Wilton’s was originally an alehouse from around 1743 and was renamed The Mahogany Bar in 1826 as the then landlord was the first to fit a magnificent mahogany bar and fittings into his pub. This was quite unprecedented in an East London pub of the time, and may well have set the scene for the traditional ‘Victorian’ look that we associate with public houses today. After about ten years, a concert room was built around the back of the pub and it became known as The Albion Saloon. For the first time, it became legally entitled to put on full length productions.
The buildings that finally make up Wilton’s today comprise five terraced houses – and to the modern eye are extremely shabby, but there was a good reason for their appearance. The bar was kept as the public entrance, and the music hall was actually built in the area behind the existing frontage. This represented common practice at the time, for as you can imagine, ‘street frontage’ for music halls was extremely expensive.
Wilton’s Music Hall in its original form only lasted for around 30 years, before a fire forced its closure, but during its heyday, Champagne Charlie (George Laybourne) and George Ware, who wrote the music hall classic ‘The Boy I Love is Up in the Gallery’ both performed here. A Methodist Mission eventually took over the tenancy and during the Great Dock Strike that hit the East End in 1889 served over 1000 hot meals a day in the soup kitchen that had been set up in the Mahogany Bar.
Wilton’s Music Hall remained in the hands of the Methodist Mission for almost seventy years until 1956, helping the poverty stricken East Enders through the trial and tribulations of The Blitz at the height of the Second World War.
As part of the enormous changes to the East End in the 1960’s, the building was earmarked for demolition as part of the slum clearance programme, and the Methodists were asked to leave. Fortunately, the plight of the building came to the attention of among others, Sir John Betjeman, Spike Milligan and Peter Sellers. They started a campaign to stop its demolition, and the building was finally purchased by the Greater London Council, gaining Grade II listing in 1971.
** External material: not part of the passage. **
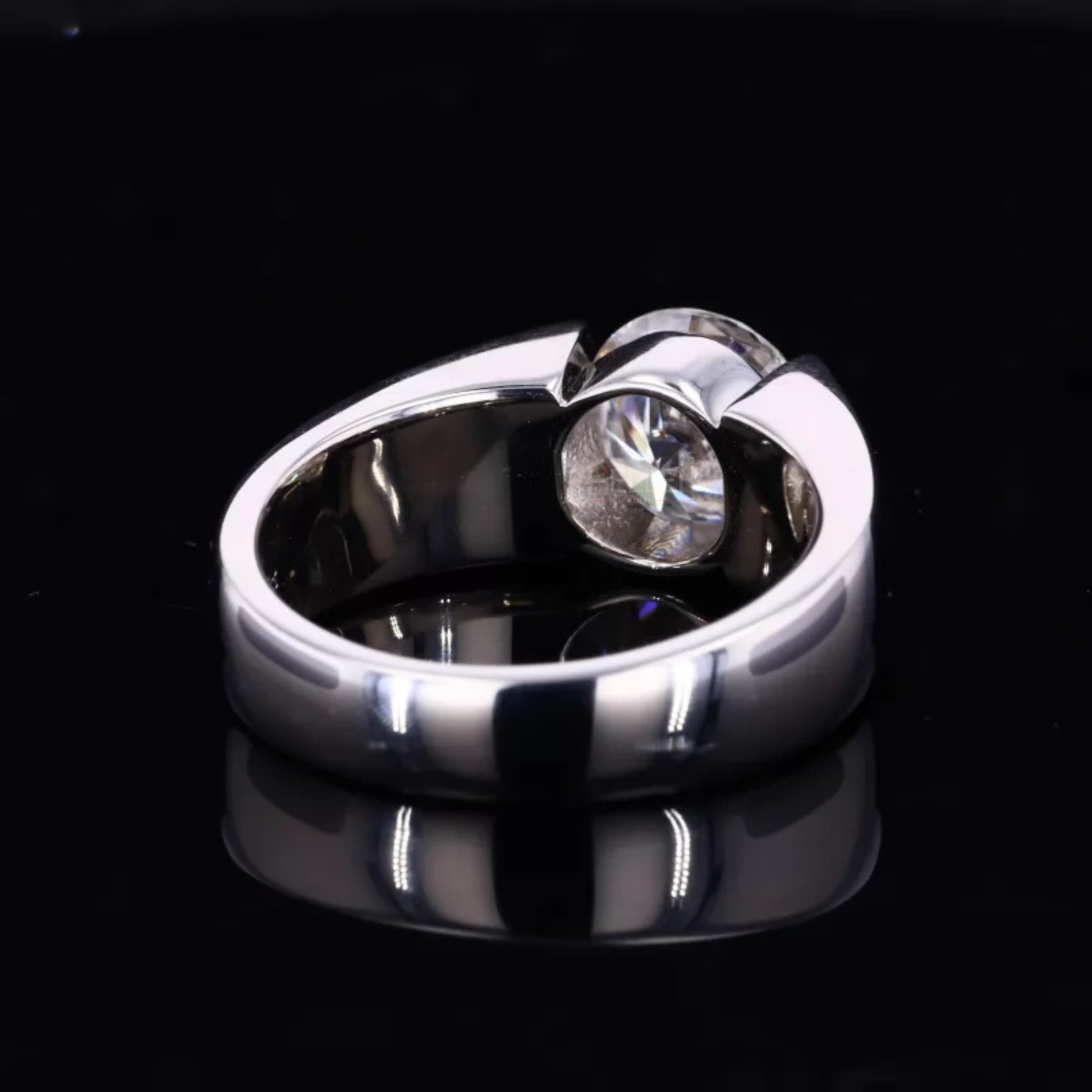 Round Cut Solitaire Moissanite Mens Engagement Ring

Regrettably, the years of neglect had taken their toll and the building itself was suffering from a considerable amount of structural damage and extensive decay. However, a concerted campaign of fundraising has led to its gradual restoration (although a lot of work has still to be done) and thanks to the efforts of the fundraising team, the public can still sit in the grand auditorium and experience for themselves first hand shows, history tours and special events that Wilton’s Music Hall puts on to this day.